A warning is emitted if the allowlist exceeds 5 files, encouraging smaller increments.
Post-Bash Hook
The scripts/tdd_post_bash.py script runs as a PostToolUse (and PostToolUseFailure) hook on every Bash tool call. It classifies commands and records outcomes:
| Command Pattern | Tag | Effect on State |
|---|---|---|
npm run test:e2e* | ignored e2e test | No state change |
npm test* or npm run test* | test | Drives state transitions |
| Everything else | bash | Logged, no state change |
Test commands tagged as test with SUCCEEDED status reset the state to initial. Test commands that FAILED during a writing-tests phase confirm the state as red.
Example TDD Log
A full Red-Green cycle produces log entries like this:
## Red - 2026-02-24 10:30:00
Test: tests/unit/services/test_greeting_service.py
Expects: test_create_greeting fails because create() method doesn't exist yet
[test] npm run test:python -- tests/unit/services/test_greeting_service.py -v - FAILED
## Green - 2026-02-24 10:32:00
Change: Add create() method to GreetingService
File: app/services/greeting.py
[test] npm run test:python -- tests/unit/services/test_greeting_service.py -v - SUCCEEDED
Plan Exit Hook
The scripts/plan_exit_hook.py runs as a PreToolUse hook on ExitPlanMode. On the first invocation per session:
- Outputs a TDD Planning Checklist to stderr (reminding the agent to consider test levels, automation, cleanup)

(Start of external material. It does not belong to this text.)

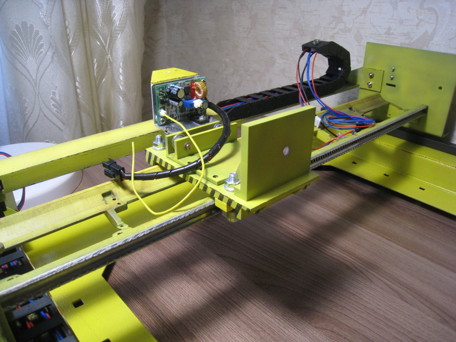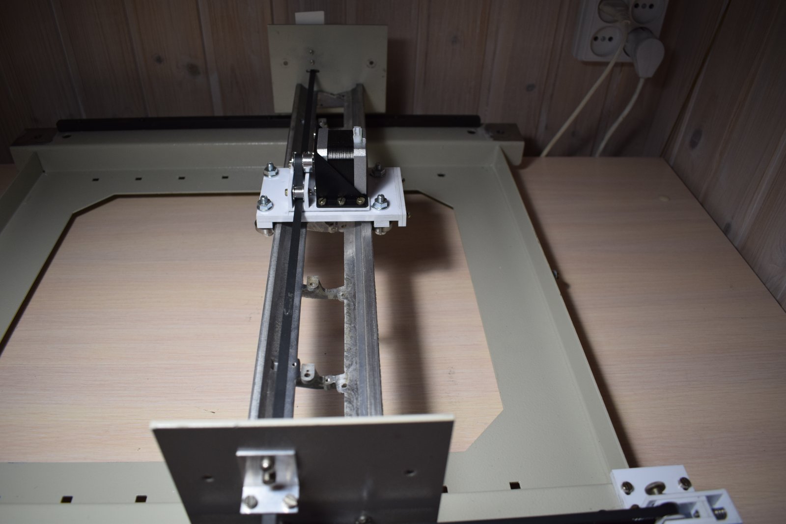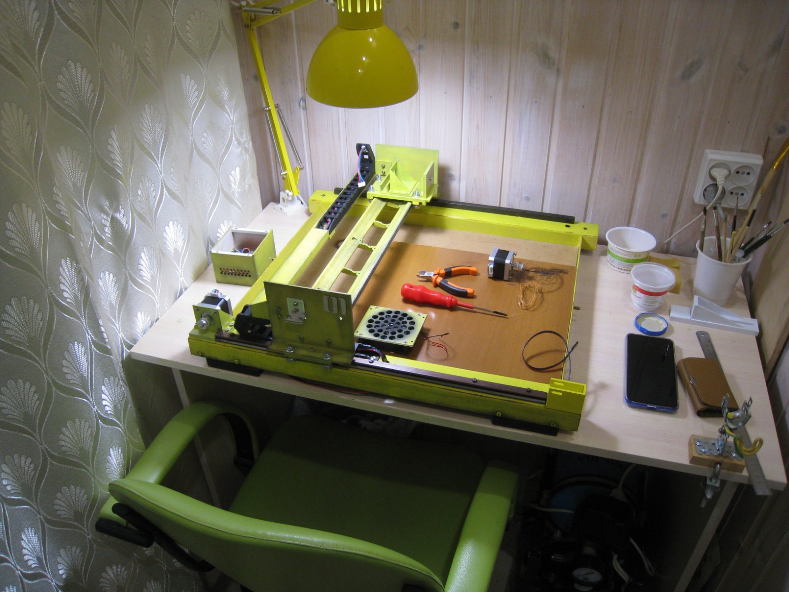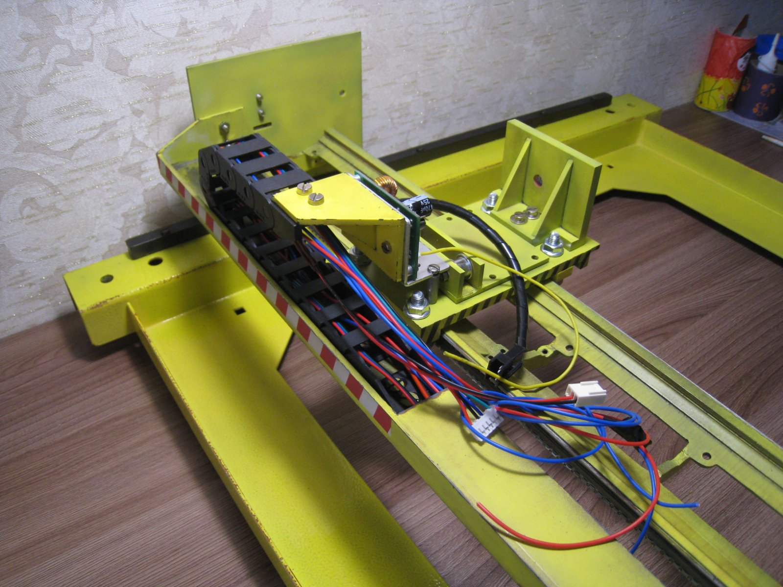 Популярный пост vof4eg 426 Опубликовано 9 Feb 2026, 18:04:50 Популярный пост Жалоба Поделиться Опубликовано 9 Feb 2026, 18:04:50 (изменено) Приветствую уважаемые читатели, давно хотел, и вот решился таки, написать статью-обзор на лазерный гравер который я сделал своими руками. К написанию этой статьи подвиг меня Олег billabong73 в личной переписке, давний мой приятель по бумажному моделизму. Для "бумажного" моделиста лазерная резка сродни 3д печати для "пластикового". И поэтому, как любитель пластикового моделизма мечтает о домашнем 3д-принтере, так "бумажник" мечтает о возможности лазером вырезать детали из картона у себя дома. И тут я не стал исключением. В наше время конечно можно запросто купить готовый станок, но во первых это не интересно, а во вторых, более или менее достойные варианты совсем не дёшевы, а бюджетные граверы не отличаются качеством и надежностью. Так что было принято решение делать лазерный гравер своими руками! Итак, перво-наперво нам понадобится рама-основание самого станка, долго я думал из чего же её сделать, как правило в этих целях используется конструкционный алюминиевый профиль (кажется так он называется), кто-то берет просто кусок фанеры или доски или кухонной столешницы на худой конец. Но так как я работаю в сфере телекоммуникаций, на глаза мне попалось вот такое основание от какой-то стойки. Примерно вот так она выглядела изначально Из чего делать подвижные части кареток оси Х и оси У, я подглядел на канале "Мне интересно", там один мужичек делает замечательные самоделки из различного чермета, и вот в качестве аналогичных подвижных частей, он здорово использует каретки от пишущих машинок. Приобрел пару таких машинок по случаю на Авито, разобрал. К сожалению сфоткать забыл. На фото ниже первая примерка и обдумывание дальнейшей компоновки, тестовая каретка оси Х (затем изготовил другую), боковые стенки (алюминиевые уголки) тоже нашел на работе, между ними прикручена каретка от машинки. На основание приложены "рельсы" от той же машинки. Вторая версия каретки оси Х. Ролики заказывал на алиэкспрессе, Подшипники крепятся при помощи болтов с внутренним шестигранником, два из которых через подвижную планку, для возможности регулировки (выбирать люфты винтами). Мотор шаговый Нема-17 уголок-кронштейн покупной. Управление планировалось на основе платы ардуино Уно и платы расширения Шилд, или как-то так, не помню уже точно, с драйверами шаговых двигателей. Так же заказывал комплектом на алиэкспресс. Но тут меня ждал неприятный сюрприз, но об этом позже. Голову лазера 2,8Вт, купил в профильной группе VK, их делает один парень на заказ, но купил бу по объявлению в той же группе. Под электронику склеил корпус, предусмотрел охлаждение Далее фото уже готового шасси. Механизм натяжения ремней оси У, натяжение происходит при помощи подпружиненного винтика, затягивается барашком. Под моторчик оси У пришлось сделать площадку, что бы его немного приподнять. Скоба натяжения оси Х - уголок с пластиночкой с прорезью под зубья ремня снизу. Кабель-канал, продолжение пластикового покупного кабелеукладчика. Первый вариант крепления головы к каретке с возможностью регулировки высоты, он был не плох, но подглядел в профильной группе, что для настройки фокусного расстояния используют специальную фото-приблуду, заказал такую, честно сказать был от неё не в восто

- Invokes a nested Claude CLI instance to review the plan for TDD coverage gaps:
result = subprocess.run(
["claude", "-p", prompt],
capture_output=True, text=True, timeout=60,
)
- Blocks the tool call (exit 2), forcing the agent to address feedback
On the second invocation, the hook allows the call through. State is tracked per session ID in a temp file.
Session Start Hook
The scripts/tdd_session_start.py runs at SessionStart and outputs:
- The TDD log filename (derived from transcript path hash)
- Copy-pasteable Red, Green, and skip-red command examples with the correct
--logvalue
This ensures agents know their log file from the very beginning of a session.
Per-Agent Isolation
Each Claude Code session gets a unique TDD log file based on an MD5 hash of the transcript path:
def get_log_path(input_data: dict) -> Path:
transcript = input_data.get("transcript_path", "")
if transcript:
key = hashlib.md5(transcript.encode()).hexdigest()[:8]
return Path(f"tdd-{key}.log")
return Path("tdd.log")
This means multiple agents working in the same repo (e.g., in different worktrees or parallel sessions) each maintain their own TDD state without interference. All tdd-*.log files are gitignored.